Investment Risk in Russia Rises as Khodorkovsky Conviction Upheld

Reuters

Pavel Ivlev, founder and chairman of the Committee for Russian Economic Freedom, condemned today’s verdict by the Moscow City Court upholding the false conviction of Mikhail Khodorkovsky, former Yukos CEO and Russia’s most well-known political prisoner, saying the result compounds investment risk in Russia.

Putin’s regime today put its own greed ahead of the interests of ordinary Russians who are starved for the capital they need to bolster their economy, create jobs and modernize the country,” Ivlev said. “The court’s decision mocks the rule of law and reconfirms the wide-held belief that it’s unsafe both physically and financially to invest in Russia.

Khodorkovsky and his business partner and co-defendant Platon L. Lebedev were found guilty by a lower court in Dec. 2010 on a second round of trumped up charges stemming from bizarre allegations that they embezzled the entire production of the Yukos Oil Company from 1998 to 2003. Today, the Moscow City Court upheld the verdict.
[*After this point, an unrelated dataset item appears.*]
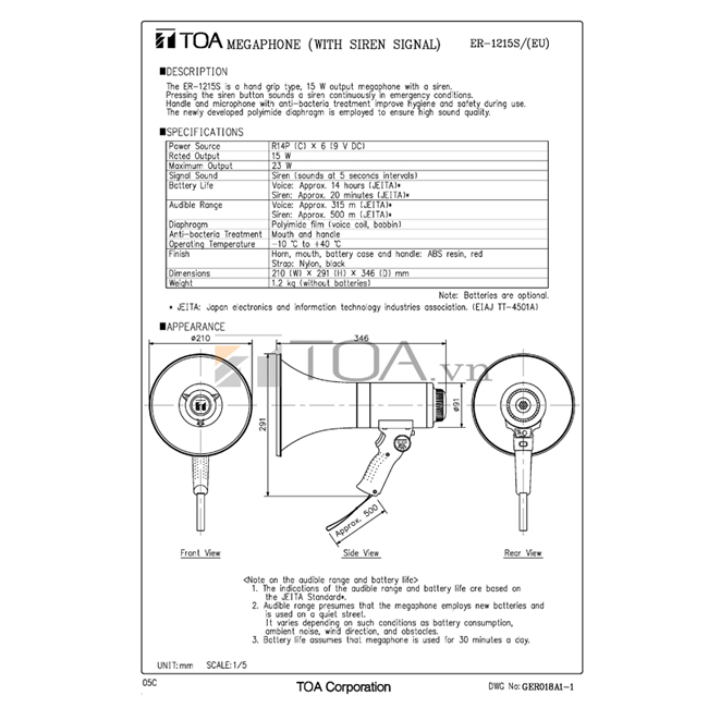 Loa phóng thanh cầm tay TOA ER1215S là một thiết bị di động công suất 15W với còi báo động tích hợp, được sử dụng phổ biến trong các hoạt động ngoài trời như hướng dẫn du lịch, sự kiện, hoặc dùng để thông báo ở nơi công cộng. Loa có thiết kế gọn nhẹ, sử dụng 6 pin R14P(C) cho thời gian hoạt động lên đến 14 giờ, phạm vi nghe rõ khoảng 250m và có chức năng còi hú để tạo sự chú ý khẩn cấp.

Both men, who have been in jail since 2003, now face prison camp terms through at least 2016.

Years after Russia began its so-called modernization, the country still looks very much as it did two or three decades ago, where individuals can be locked up indefinitely based on little or no evidence,” Ivlev said. “Investors should be wary of putting their money in a country where the judiciary fails to follow the rule of law and where the rulers pick the market’s winners and losers.”

Khodorkovsky, who entered the Moscow courtroom to applause, spoke about the Dec. 2010 verdict, saying,

In what dusty cellar did they dig up that poisonous Stalinist spider who wrote this drivel? What kind of long-term investments can one talk about with such justice? No modernization will succeed without a purging of these cellars.”

“There is no way to correct this verdict,” Khodorkovsky continued. “Either overturn and terminate this shamefulness, or join ranks with the criminals, who spit on the law. I have nothing to talk about with criminals, even those in a judge’s robe. And indeed there is no reason for me to. I do not need mercy from criminals.”